Listed records

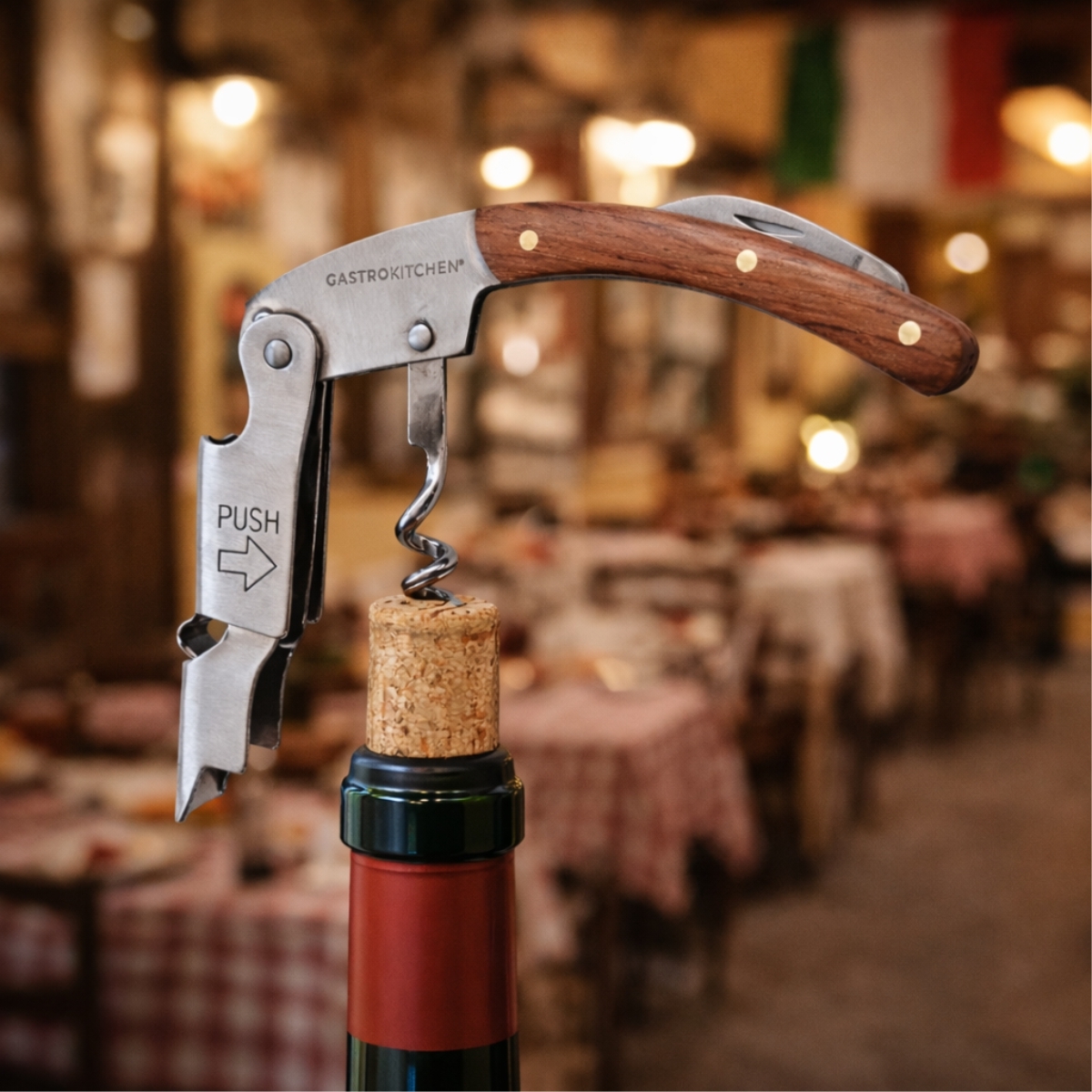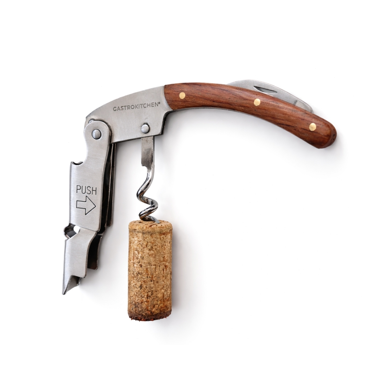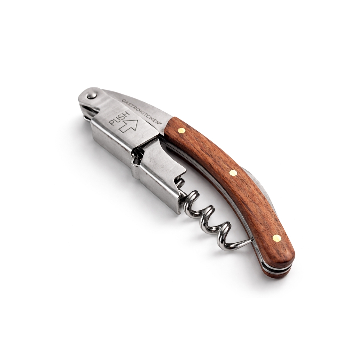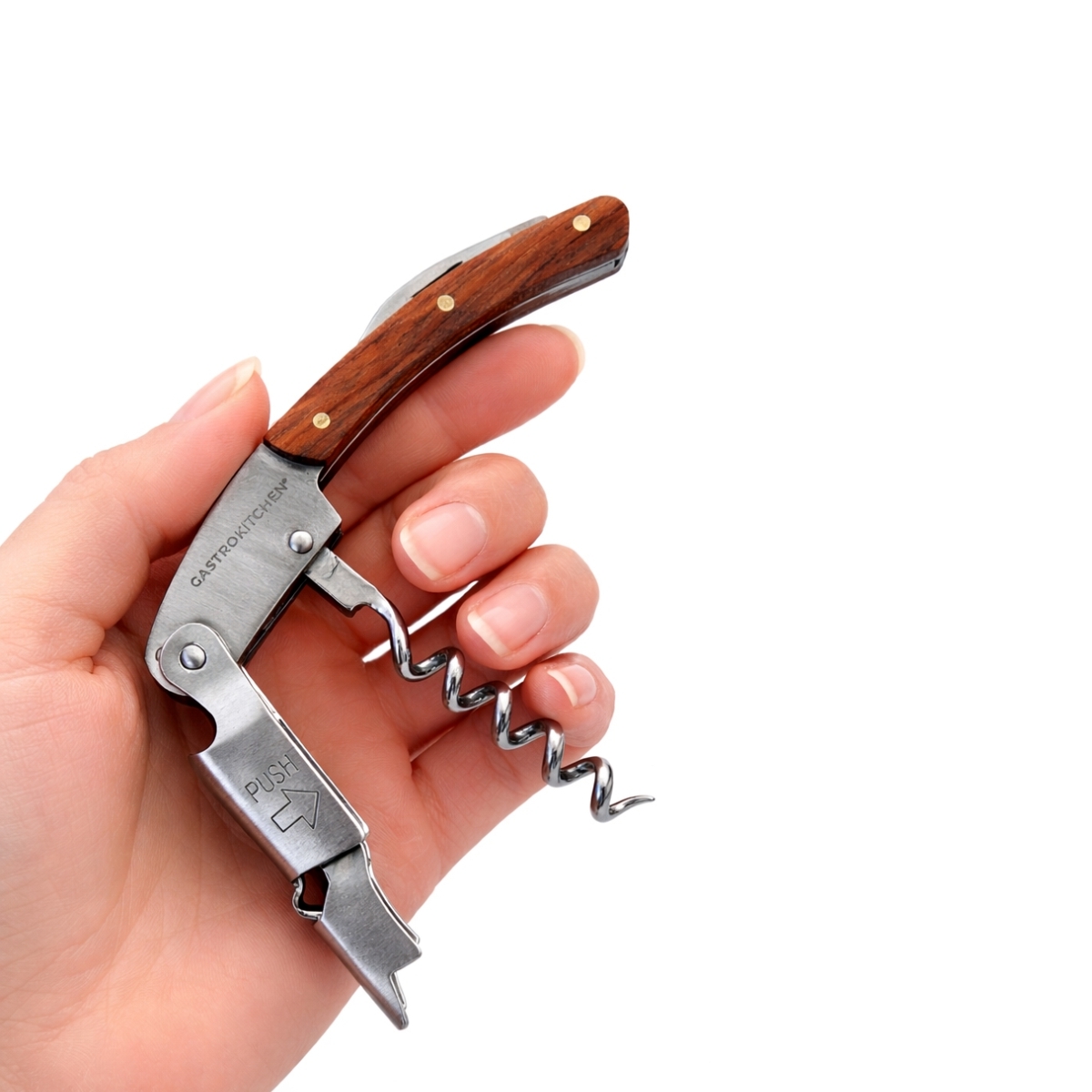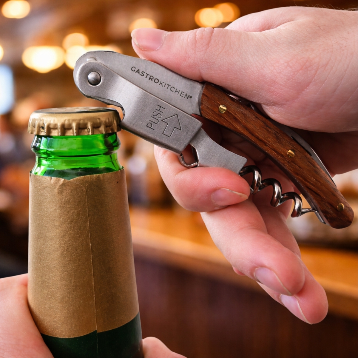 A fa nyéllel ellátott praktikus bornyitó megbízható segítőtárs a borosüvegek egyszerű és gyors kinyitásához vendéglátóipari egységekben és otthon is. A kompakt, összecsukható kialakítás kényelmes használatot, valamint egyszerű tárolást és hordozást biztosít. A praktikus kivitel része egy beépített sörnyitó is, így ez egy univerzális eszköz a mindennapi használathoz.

...

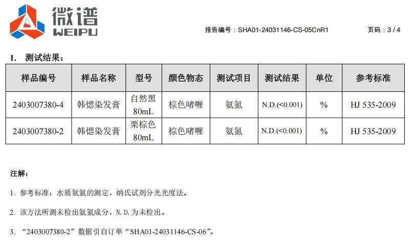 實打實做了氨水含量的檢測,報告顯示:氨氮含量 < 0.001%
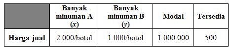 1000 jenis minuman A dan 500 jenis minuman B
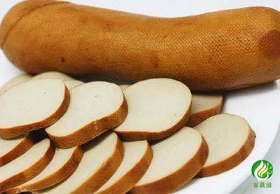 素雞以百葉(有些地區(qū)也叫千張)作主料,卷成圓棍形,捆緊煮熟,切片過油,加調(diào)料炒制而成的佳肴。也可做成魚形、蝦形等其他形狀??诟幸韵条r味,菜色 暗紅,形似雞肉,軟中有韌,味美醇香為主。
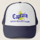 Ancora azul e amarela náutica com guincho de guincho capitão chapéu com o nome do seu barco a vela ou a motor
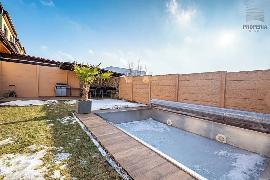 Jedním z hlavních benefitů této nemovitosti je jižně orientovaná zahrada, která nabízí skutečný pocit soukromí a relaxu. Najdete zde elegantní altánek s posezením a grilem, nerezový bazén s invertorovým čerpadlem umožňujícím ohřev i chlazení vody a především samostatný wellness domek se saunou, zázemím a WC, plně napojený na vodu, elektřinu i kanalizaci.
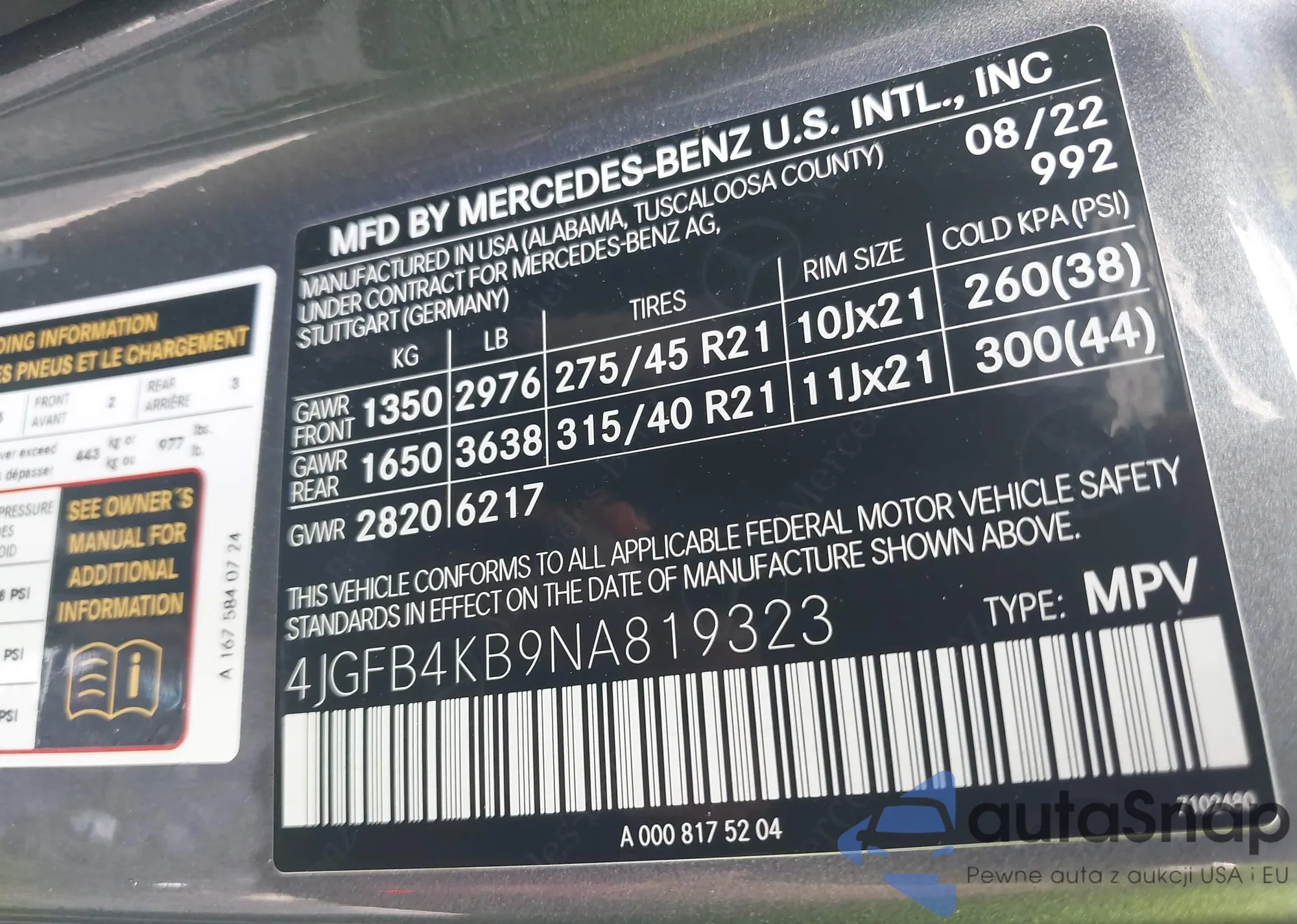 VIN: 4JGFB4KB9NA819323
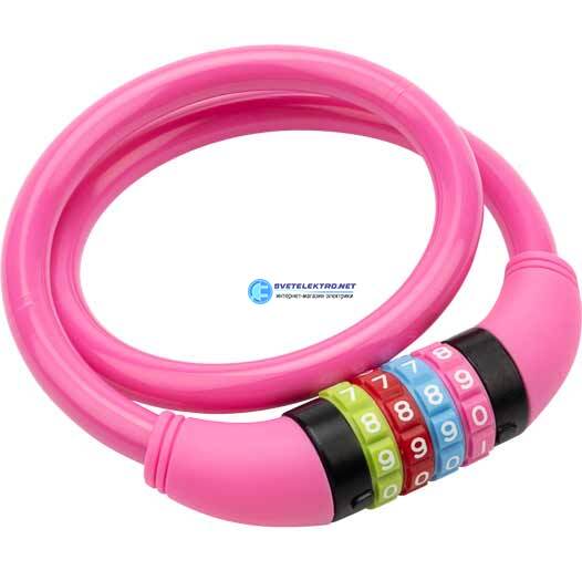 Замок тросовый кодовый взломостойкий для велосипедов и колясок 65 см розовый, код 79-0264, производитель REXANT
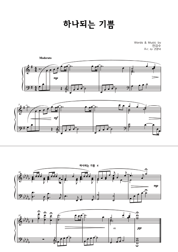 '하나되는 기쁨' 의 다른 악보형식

---

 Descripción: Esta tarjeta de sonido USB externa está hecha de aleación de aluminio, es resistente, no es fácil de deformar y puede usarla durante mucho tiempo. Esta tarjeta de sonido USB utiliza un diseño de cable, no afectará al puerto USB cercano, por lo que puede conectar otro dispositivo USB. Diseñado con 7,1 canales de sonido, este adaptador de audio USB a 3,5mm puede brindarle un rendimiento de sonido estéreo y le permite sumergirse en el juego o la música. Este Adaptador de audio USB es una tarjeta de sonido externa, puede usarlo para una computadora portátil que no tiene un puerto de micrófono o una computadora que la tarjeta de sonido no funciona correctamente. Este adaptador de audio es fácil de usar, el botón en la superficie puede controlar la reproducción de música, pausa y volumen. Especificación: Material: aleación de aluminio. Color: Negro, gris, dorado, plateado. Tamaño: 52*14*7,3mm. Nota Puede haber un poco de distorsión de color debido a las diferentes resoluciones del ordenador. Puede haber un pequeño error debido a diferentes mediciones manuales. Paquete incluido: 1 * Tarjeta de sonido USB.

Task to carry out
Above are the records; please give again, exactly and in full, only the lines that run from the line with "實打實做了氨水含量的檢測,報告顯示:氨氮含量 < 0.001%" through the line with "기쁨' 의 다른 악보형식", with no pictures.

Response
 實打實做了氨水含量的檢測,報告顯示:氨氮含量 < 0.001%
 1000 jenis minuman A dan 500 jenis minuman B
 素雞以百葉(有些地區(qū)也叫千張)作主料,卷成圓棍形,捆緊煮熟,切片過油,加調(diào)料炒制而成的佳肴。也可做成魚形、蝦形等其他形狀??诟幸韵条r味,菜色 暗紅,形似雞肉,軟中有韌,味美醇香為主。
 Ancora azul e amarela náutica com guincho de guincho capitão chapéu com o nome do seu barco a vela ou a motor
 Jedním z hlavních benefitů této nemovitosti je jižně orientovaná zahrada, která nabízí skutečný pocit soukromí a relaxu. Najdete zde elegantní altánek s posezením a grilem, nerezový bazén s invertorovým čerpadlem umožňujícím ohřev i chlazení vody a především samostatný wellness domek se saunou, zázemím a WC, plně napojený na vodu, elektřinu i kanalizaci.
 VIN: 4JGFB4KB9NA819323
 Замок тросовый кодовый взломостойкий для велосипедов и колясок 65 см розовый, код 79-0264, производитель REXANT
 '하나되는 기쁨' 의 다른 악보형식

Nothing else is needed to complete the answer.